== Information provided ==

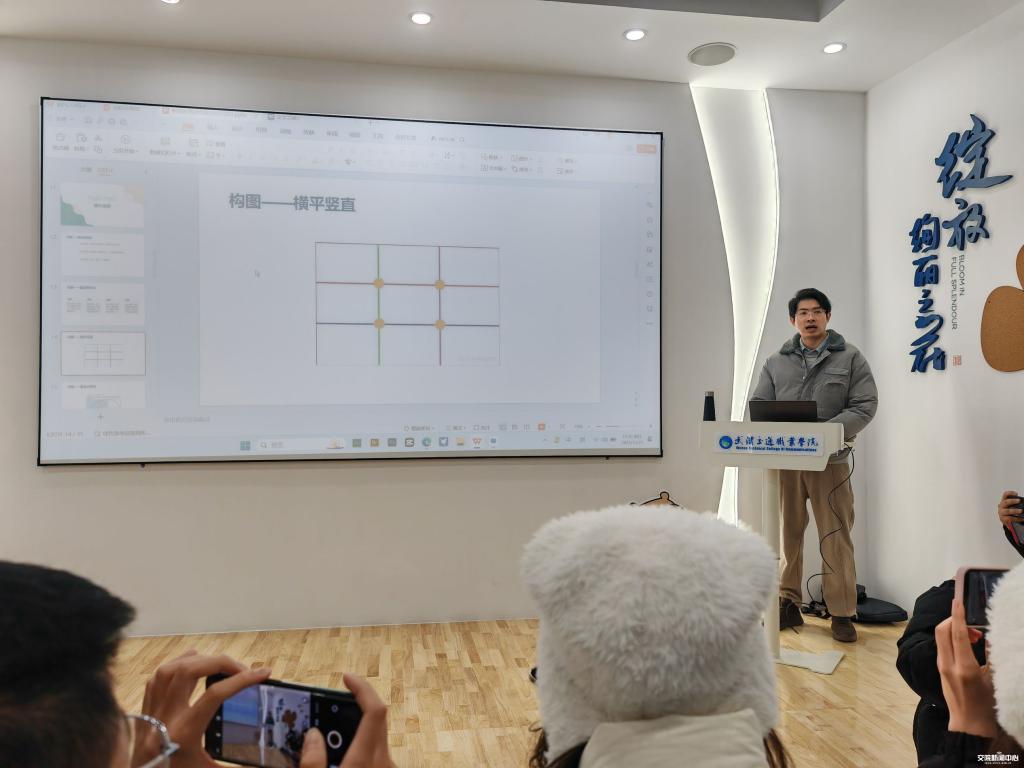 新闻网讯(记者 郑广东)12月23日,交通服务与管理学院新媒体全体成员在水韵讲堂开展了一场媒体技能培训活动。这次活动的主讲人是交通服务与管理学院的宣传专员郑广东老师,他以丰富的经验和专业的知识,为在场的40余名新媒体成员讲解了稿件撰写、图片拍摄、图片后期等技能。
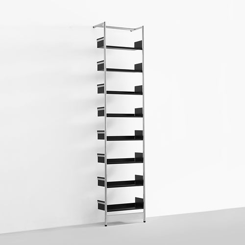 壁に立て掛けて使用するこの「CD POOL」は、8つの棚に約300枚ものCDを収納することができる、シンプルな中にデザイン性と実用性の高さが際立つラックです。
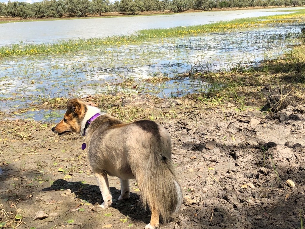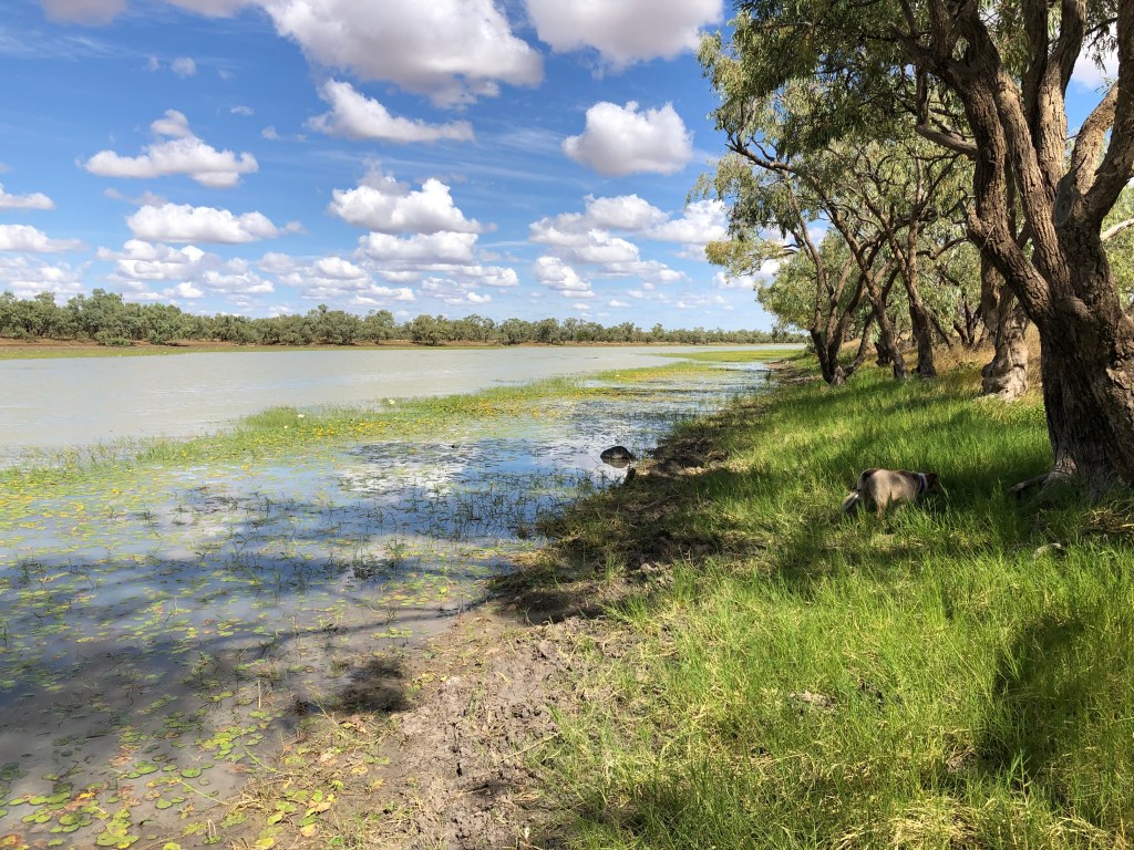 We have been on the road now for two weeks, and here we are camped at one of our favourite places. The brolgas, whistling kites, ducks, egrets, cormorants, mudlarks, galahs, herons, butcher birds, and other feathered locals have made us feel so welcome with their lovely song and funny antics. One Pee Wee fell so much in love with one of Linus’s mirrors, we had to cover up the mirror to distract the lovelorn bird from constantly attacking it.
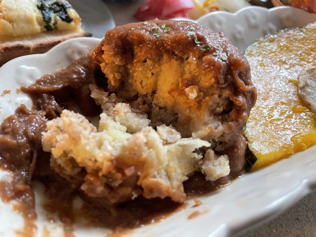 中身はサツマイモ、オートミールのハンバーグで包んでいます。
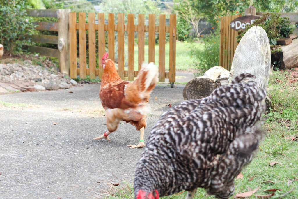 どうやらここから上り奥へ進むようです。駐車場所に迷っていると、すぐさま「こちらどうぞー」とオーナーさんが誘導してくれました。ありがとうございます!お子様連れのご家族や、バイクに載る男性の姿も。そして目の前を鶏がテクテクと歩いています!

===

Activity
Repeat only the lines from the beginning of the material through the line containing "壁に立て掛けて使用するこの「", both ends kept, leaving pictures out.

Answer for this exercise
 新闻网讯(记者 郑广东)12月23日,交通服务与管理学院新媒体全体成员在水韵讲堂开展了一场媒体技能培训活动。这次活动的主讲人是交通服务与管理学院的宣传专员郑广东老师,他以丰富的经验和专业的知识,为在场的40余名新媒体成员讲解了稿件撰写、图片拍摄、图片后期等技能。
 壁に立て掛けて使用するこの「CD POOL」は、8つの棚に約300枚ものCDを収納することができる、シンプルな中にデザイン性と実用性の高さが際立つラックです。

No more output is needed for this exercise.